Marvel will defend its ownership of Ghost Rider before a jury after a federal judge on Thursday set a Nov. 4 trial for writer Gary Friedrich”s lawsuit against the publisher.
U.S. District Judge Katherine Forrest made the order a little more than two weeks after the 2nd Circuit Court of Appeals overturned her 2011 decision rejecting Friedrich”s claims that the copyright to the Spirit of Vengeance reverted to him a decade earlier. According to Deadline, Marvel”s lawyers indicated Thursday in a conference meeting that they won”t challenge the appeals court ruling, and will file a motion for a jury trial.
Friedrich, long credited as co-creator of the character with Roy Thomas and Mike Ploog, filed the lawsuit in April 2007, shortly after the release of Columbia Pictures” Ghost Rider movie, accusing the studio, Marvel, Hasbro and other companies of copyright infringement, false advertising and unfair competition, among other counts. The film grossed $228 million worldwide; the 2012 sequel, Ghost Rider: Spirit of Vengeance, earned $132.5 million.
The writer asserted he created Johnny Blaze/Ghost Rider in 1968 and, three years later, agreed to publish the character through Magazine Management, which eventually became Marvel Entertainment. Under the agreement, the publisher held the copyright to the character”s origin story in 1972′s Marvel Spotlight #5, and to subsequent Ghost Rider works. However, Friedrich alleged the company never registered the work with the U.S. Copyright Office and, pursuant to federal law, he regained the copyrights to Ghost Rider in 2001.
But in December 2011, Forrest ruled in Marvel”s favor, saying finding Friedrich gave up ownership to the property when he endorsed checks that contained language relinquishing rights to Marvel”s predecessors. The judge said the writer signed over all claims to the character in 1971 and again in 1978 in exchange for the possibility of more freelance work for the publisher. (Two months later, Marvel agreed to abandon its 2010 countersuit accusing Friedrich of trademark infringement if the writer would pay $17,000 in damages and stop selling unauthorized Ghost Rider merchandise.)

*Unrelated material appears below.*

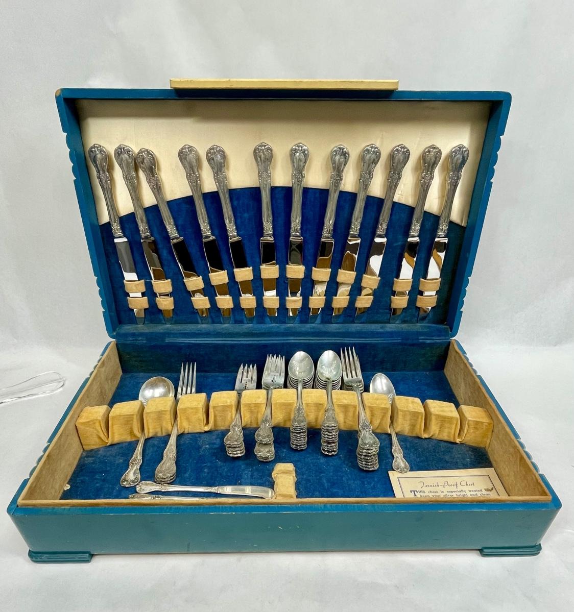 Over 7 pounds of Towle sterling silver flatware in a very cool wood chest made by National Silver Co..

Friedrich appealed in July, arguing the court erred in ruling that the language on the back of Marvel paychecks in the early 1970s and in the 1978 contract were sufficient to constitute transfer of copyright. However, his attorney also reasserted the claim that the agreement was entered into under duress, with Friedrich told “if I wanted to continue to work for Marvel that I would have to sign it.” The 2nd Circuit sided with Friedrich, ruling that the 1971 agreement with Marvel “is ambiguous on its face,” and wasn”t clear “whether it covered a work published six years earlier” or “whether it conveys renewal rights.”